Бедные матери, как часто бывает обманчиво это благополучие в первые дни после операции! Где-то в глубине маленького тельца, может быть, медленно накапливаются вражеские силы, чтобы обрушиться на него в одну из ночей. За несколько часов, иногда минут, все может пойти прахом. Может быть, он плохо откашливает мокроту и где-то в глубине легкого зреет очаг пневмонии. Или на поверхности вшитой в сердце заплаты медленно растет тромб, чтобы в какой-то момент оторваться и закупорить важную артерию мозга. Много послеоперационных опасностей подстерегает маленьких пациентов. Для того чтобы их заметить, Мария Дмитриевна каждый час меряет кровяное давление и берет кровь на анализы. Для этого же врач Нина Николаевна по нескольку раз в день слушает им легкие и почти ежедневно — смотрит на рентгене.

— Михаил Иванович! Все уже хорошо? Опасности нет? Как я вам благодарна!

— Опасность еще есть, но она уменьшается с каждым днем. А благодарить будете потом, когда повезете Володю домой.

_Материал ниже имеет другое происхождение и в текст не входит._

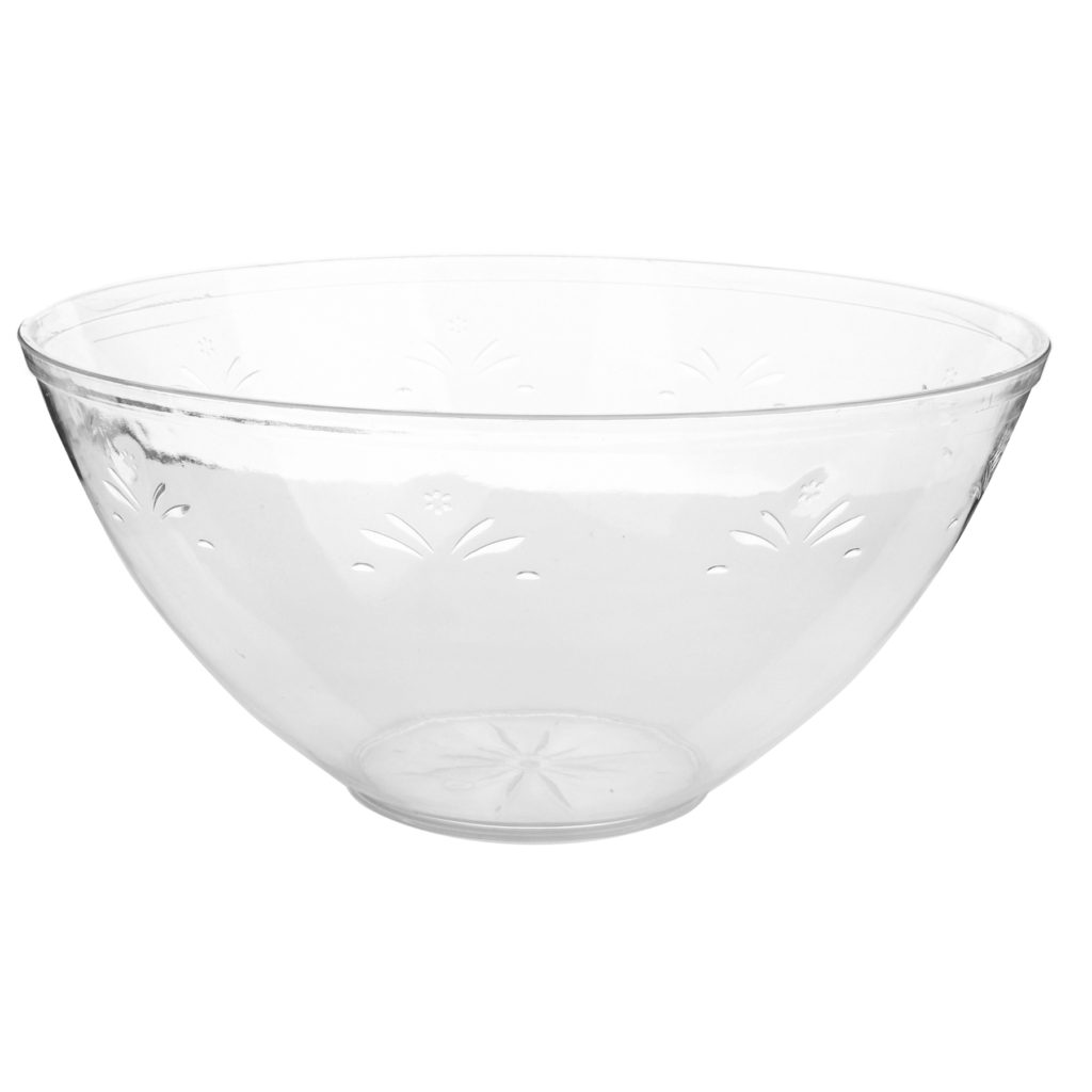 These Simcha Collection clear hard plastic round bowls are the go-to for serving salad, cubed fruit or popular party snacks. These bowls are an essential for caterers and event planners.

Вот другой мальчуган, тоже Вова. Операция была вчера. Он еще тяжел. Лежит вялый, глаза полузакрыты, в углу рта ржавая полоска, — видимо, недавно его рвало. В вену руки ему непрерывно каплями переливают то физиологический раствор, то плазму, то кровь. К носу подведены две трубочки, по которым идет кислород. Моча вытекает через катетер. С руки не снимают манжетку тонометра для измерения кровяного давления. Через каждые три часа ему делают какие-нибудь инъекции. Мать его смотрит на все это с ужасом. Каждый укол с болью отзывается в ее теле и она невольно протягивает руки, чтобы схватить сестру. Все время у нее льются слезы. Она так парализована страхом и необычной обстановкой, что пользы от нее мало. Больше вреда. Мария Дмитриевна просит, чтобы ее отправили из палаты.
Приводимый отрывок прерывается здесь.